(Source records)
******************************

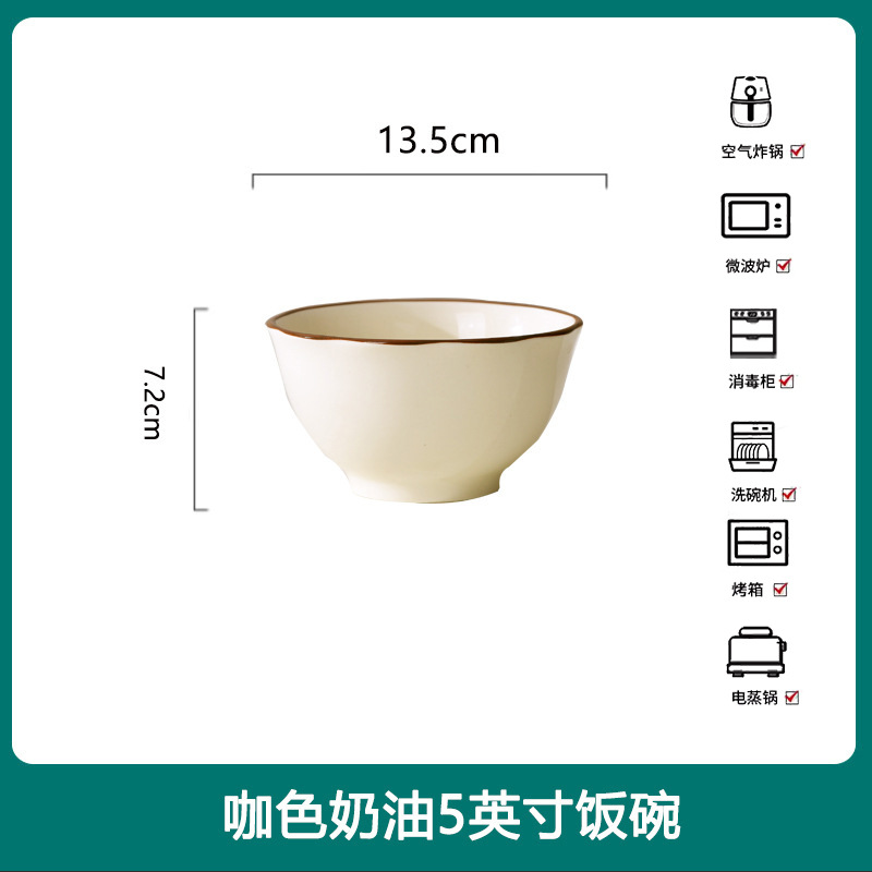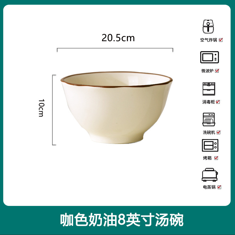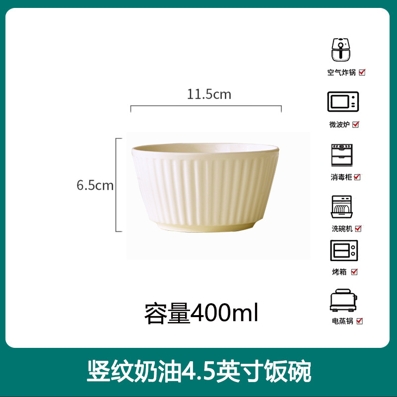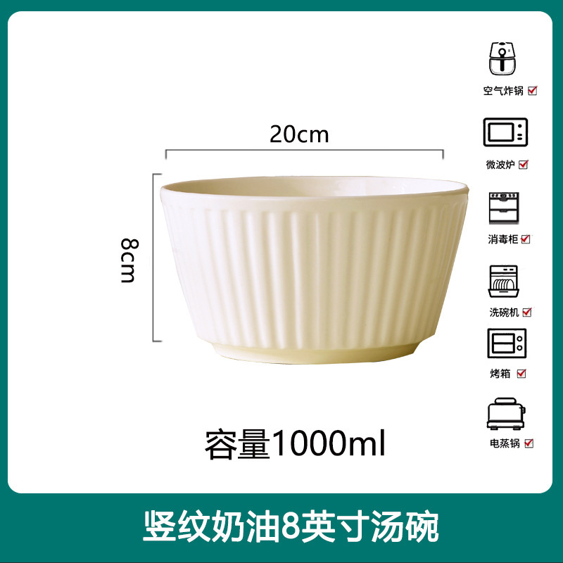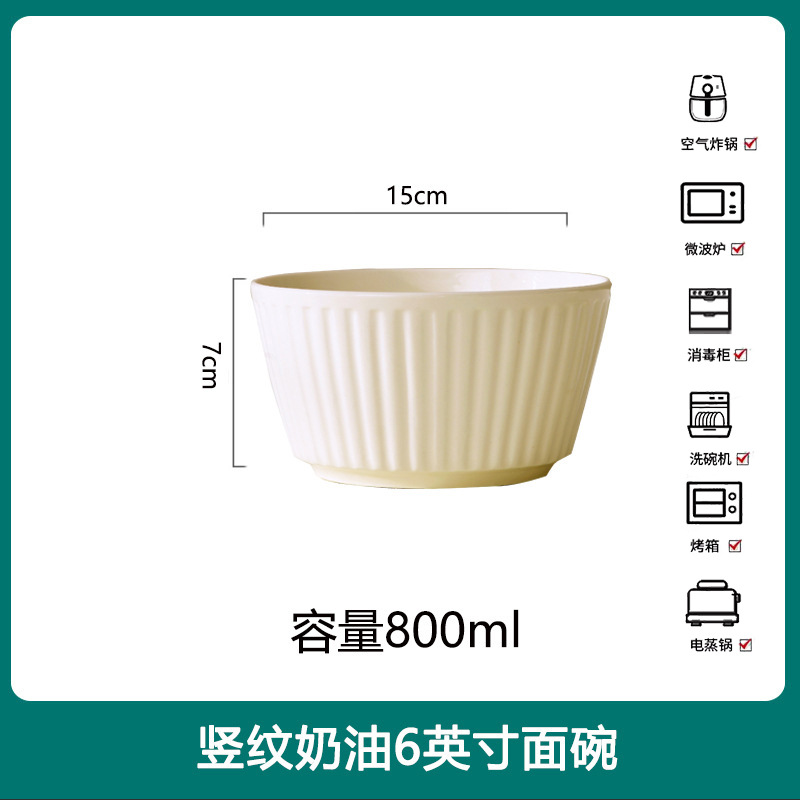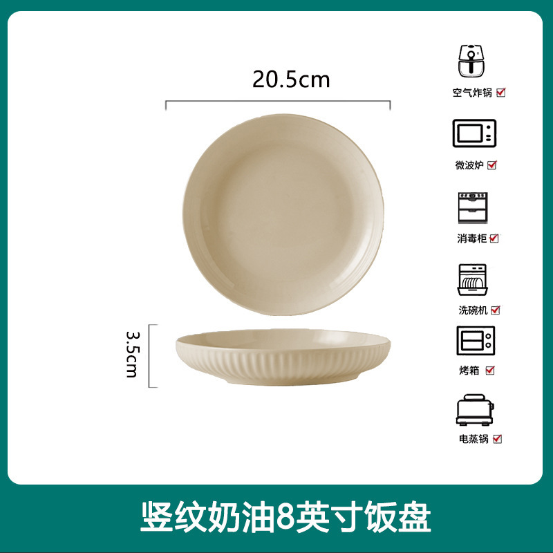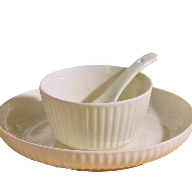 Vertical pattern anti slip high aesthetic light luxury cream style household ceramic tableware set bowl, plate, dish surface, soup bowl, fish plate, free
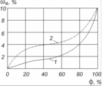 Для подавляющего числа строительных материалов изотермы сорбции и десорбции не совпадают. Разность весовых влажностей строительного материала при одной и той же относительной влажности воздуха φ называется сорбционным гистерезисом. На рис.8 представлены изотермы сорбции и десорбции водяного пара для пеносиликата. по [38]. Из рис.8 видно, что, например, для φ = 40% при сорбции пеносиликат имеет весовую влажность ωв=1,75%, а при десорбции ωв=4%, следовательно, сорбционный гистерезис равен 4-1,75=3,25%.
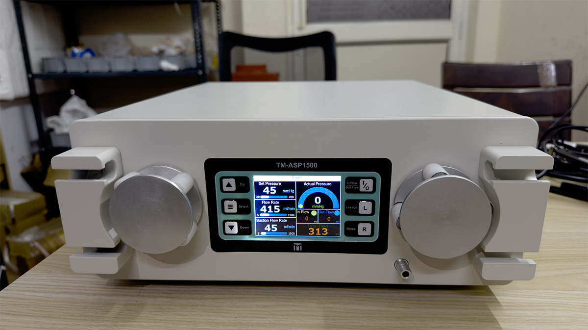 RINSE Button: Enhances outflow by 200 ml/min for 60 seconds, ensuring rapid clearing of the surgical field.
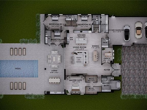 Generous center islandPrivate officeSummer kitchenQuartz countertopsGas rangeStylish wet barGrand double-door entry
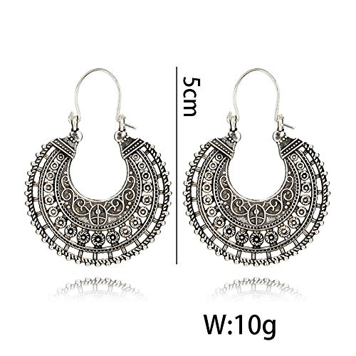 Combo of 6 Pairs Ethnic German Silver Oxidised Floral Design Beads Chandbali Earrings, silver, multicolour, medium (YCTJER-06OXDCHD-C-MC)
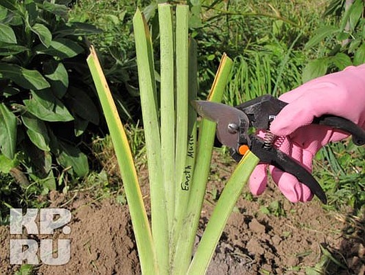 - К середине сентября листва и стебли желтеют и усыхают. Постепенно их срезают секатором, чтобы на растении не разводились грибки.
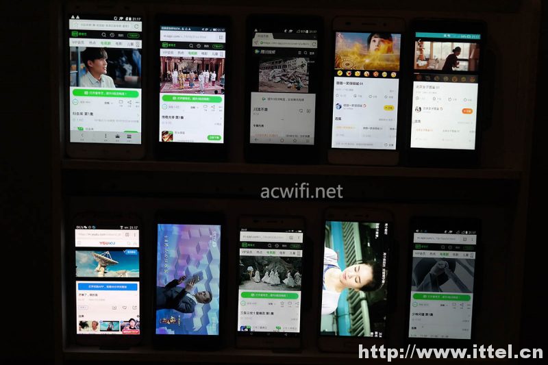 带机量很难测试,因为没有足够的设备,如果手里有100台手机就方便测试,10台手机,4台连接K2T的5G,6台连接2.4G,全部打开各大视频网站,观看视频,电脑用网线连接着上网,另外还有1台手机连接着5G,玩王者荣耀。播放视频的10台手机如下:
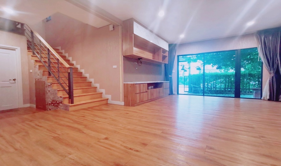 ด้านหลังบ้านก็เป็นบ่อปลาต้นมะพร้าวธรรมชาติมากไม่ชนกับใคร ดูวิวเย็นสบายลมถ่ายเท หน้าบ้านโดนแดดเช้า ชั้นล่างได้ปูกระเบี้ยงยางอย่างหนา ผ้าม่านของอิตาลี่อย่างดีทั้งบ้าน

******************************

- [Your objective] Nothing but the lines from the first line of the records above to the line with "Для подавляющего числа", inclusive, should be transcribed exactly, and the pictures must be left out.

- [Response]
 Vertical pattern anti slip high aesthetic light luxury cream style household ceramic tableware set bowl, plate, dish surface, soup bowl, fish plate, free
 Для подавляющего числа строительных материалов изотермы сорбции и десорбции не совпадают. Разность весовых влажностей строительного материала при одной и той же относительной влажности воздуха φ называется сорбционным гистерезисом. На рис.8 представлены изотермы сорбции и десорбции водяного пара для пеносиликата. по [38]. Из рис.8 видно, что, например, для φ = 40% при сорбции пеносиликат имеет весовую влажность ωв=1,75%, а при десорбции ωв=4%, следовательно, сорбционный гистерезис равен 4-1,75=3,25%.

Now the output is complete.